I just don't understand your "FAIL" opinions on the game.  If you set the settings in the game to where your hardware can run it it's just fine, and most likely will still look better than the console versions.  I suppose Rockstar should of kept the highest settings out of the game so people with hardware that can't run the game at those settings wouldn't be so dissapointed.  It's a fun game.


----------



## DrPepper (Jan 17, 2009)

Hm after getting my gtx260. I can play this game at 1920 x 1080 at 24fps with vsync on. I don't see why people are complaining.


----------



## D3mon_Hunt3r (Jan 17, 2009)

People fail at their lives so they need to title other fails so they can have a little self esteem.
Oh and this is the internet.


----------



## AsRock (Jan 17, 2009)

DrPepper said:


> Hm after getting my gtx260. I can play this game at 1920 x 1080 at 24fps with vsync on. I don't see why people are complaining.
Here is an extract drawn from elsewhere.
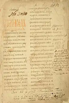 | Временникъ, еже есть нарицается лѣтописание князеи и земля Руския, и како избра Богъ страну нашу на послѣднѣе время, и грады почаша бывати по мѣстом, преже Новгородчкая волость и потом Кыевская, и о поставлении Киева, како во имя назвася Кыевъ[1] | |
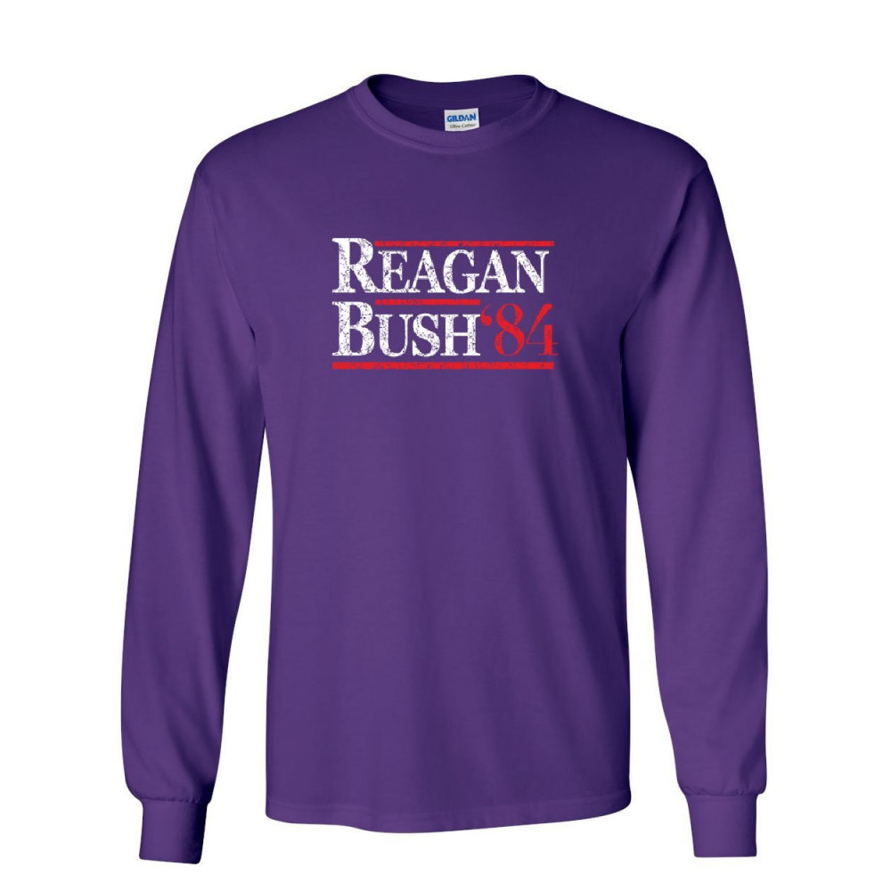 REAGAN BUSH '84 long sleeve t-shirt ronald american president history gop tee purple

Because most people who are complaining want 99999999FPS....


24FPS+ is just fine for GTA 4.


----------



## Mussels (Jan 17, 2009)

according to reports from people in this very thread, higher resolutions and settings sometimes give higher FPS.

Being on high with 24FPS and low with 20FPS on the same system, would suck.

Also, most of us PC gamers think 30 is hte minimum FPS for games, and a lot think 60 is.


----------



## pepsi71ocean (Jan 17, 2009)

as long as the game isn't choppy and its nice and sharp i don't care how many FPS it runs. 

I give rockstart a lot of credit, i mean look at the game its even more lifelike then san andreas was. Yea so there are some things missing from the game, but given the amount of time and and effort put into the development im still amazed at what was accomplished.


----------



## Steevo (Jan 17, 2009)

New processor 


Statistics
Average FPS: 42.74
Duration: 37.55 sec
CPU Usage: 56%
System memory usage: 64%
Video memory usage: 75%

Graphics Settings
Video Mode: 1680 x 1050 (60 Hz)
Texture Quality: High
Render Quality: Very High
View Distance: 40
Detail Distance: 100

Hardware
Microsoft® Windows Vista" Ultimate 
Service Pack 1
Video Adapter: ATI Radeon HD 4800 Series 
Video Driver version: 7.14.10.630
Audio Adapter: Speakers (SoundMAX Integrated Digital HD Audio)
AMD Phenom(tm) II X4 940 Processor

File ID: benchmark.cli


----------



## DrPepper (Jan 17, 2009)

Mussels said:


> according to reports from people in this very thread, higher resolutions and settings sometimes give higher FPS.
> 
> Being on high with 24FPS and low with 20FPS on the same system, would suck.
> 
> Also, most of us PC gamers think 30 is hte minimum FPS for games, and a lot think 60 is.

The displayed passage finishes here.